→ **Assigned task**
Lines below starting with the line with "Рис. 2. Этапы" and going on through the line with "Созданные преподавателем дидактические" must be output exactly; the rest of the records must be left out.

→ **Given records**
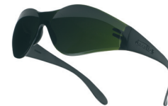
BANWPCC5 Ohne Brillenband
* * *
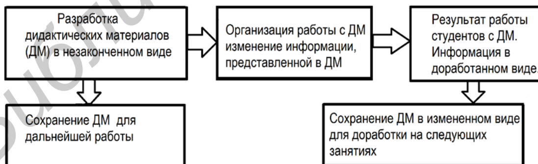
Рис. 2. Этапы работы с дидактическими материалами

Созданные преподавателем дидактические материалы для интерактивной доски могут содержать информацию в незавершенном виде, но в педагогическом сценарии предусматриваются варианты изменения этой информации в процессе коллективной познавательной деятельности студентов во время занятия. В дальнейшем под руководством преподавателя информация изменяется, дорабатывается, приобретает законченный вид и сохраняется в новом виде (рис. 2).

→ **Exercise solution**
Рис. 2. Этапы работы с дидактическими материалами

Созданные преподавателем дидактические материалы для интерактивной доски могут содержать информацию в незавершенном виде, но в педагогическом сценарии предусматриваются варианты изменения этой информации в процессе коллективной познавательной деятельности студентов во время занятия. В дальнейшем под руководством преподавателя информация изменяется, дорабатывается, приобретает законченный вид и сохраняется в новом виде (рис. 2).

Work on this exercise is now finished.